Myanmar opposition leader Aung San Suu Kyi expressed concern Thursday that massive flooding in much of the country might be used as a pretext to undermine November’s general election.

In a video appealing to the international community to help flood victims, the Nobel Peace Prize laureate drew a parallel with a referendum, carried out under military rule in 2008, that brought in the current much-maligned constitution.

The voting took place during widespread chaos following Cyclone Nargis, which killed an estimated 140,000 people. According to the official results, the charter was overwhelmingly confirmed, but many reports cast doubt on the fairness of the vote and the results. The constitution was drafted under military supervision and enshrines its dominance in government, making substantial democratic reforms difficult to achieve.

Suu Kyi’s National League for Democracy, which boycotted the 2010 general election, is expected to pose a strong challenge to the ruling Union Solidarity and Development Party this November.

The death toll from recent weeks of flooding is at least 69, and more than 259,000 people across 12 of the country’s 14 states and regions have been affected, according to the U.N. Office for Coordination of Humanitarian Affairs. The floodwaters have been spreading from northern and central Myanmar to the populous Irrawaddy Delta, the country’s rice bowl.

“Floods have inundated more than 1 million acres of farmland. Damage to crops and arable land is likely to disrupt the planting season,” the agency said in its latest report. It said priority needs include “food, water and sanitation, access to health care, and provision or repair of shelter.”

“We do not want this natural disaster to be a reason for upsetting the necessary political process without which our country will not be able to make long term progress,” Suu Kyi said in her video, which was posted on her Facebook page.

She reminded viewers of the 2008 referendum on the constitution, which “raised very many questions about the effectiveness of that referendum, about how acceptable the results of that referendum were.”

“We do not want such questions to be raised this time with regard to our elections. So let us deal with what we need to deal now, and in the best way possible, to make sure that the future of our people, socially, economical and politically, is assured,” she said.

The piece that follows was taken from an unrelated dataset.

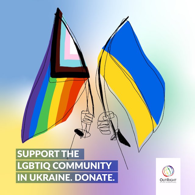 国連本部に常駐してLGBTQの人権と平等の推進を訴える唯一の国際LGBTQ団体であり、国連LGBTコアグループの事務局も務める「Outright」が、ウクライナのLGBTQにシェルターを用意して安全を確保するための緊急支援キャンペーンを開始しました。ぜひドネーションにご協力を!🇺🇦 https://t.co/kJQASJa65J
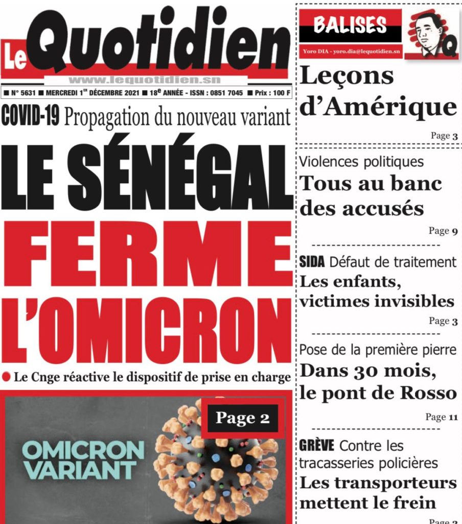 " /> La Une des quotidiens nationaux du mercredi 1er décembre 2021 Publié le 1 Déc, 2021 À DÉCOUVRIR Les Unes des quotidiens nationaux du 03 novembre 2025 3 Nov, 2025 Partager ->

Suu Kyi distributed aid in flood-hit areas this week, a day after President Thein Sein made a similar trip.

She also appealed for donor countries to give aid in what she called a coordinated fashion because “donations which are uncoordinated tend to go astray.” She asked for the help to be channeled through the NLD or her charitable foundation or other parties, by implication avoiding the government.

New York-based Human Rights Watch said in a critique that the 2008 referendum had been conducted “in an atmosphere of official coercion and vote tampering.” It cited reports of intimidation of voters by the authorities, and cases of voting simply being prevented, as well as other irregularities including the alteration of voting results.

Suu Kyi’s party has already said it is worried by inaccurate voter lists, which it fears will deny its supporters the right to vote. It boycotted the 2010 polls because it said election rules were unfair, but successfully contested consequent by-elections after changes were made to some of the laws.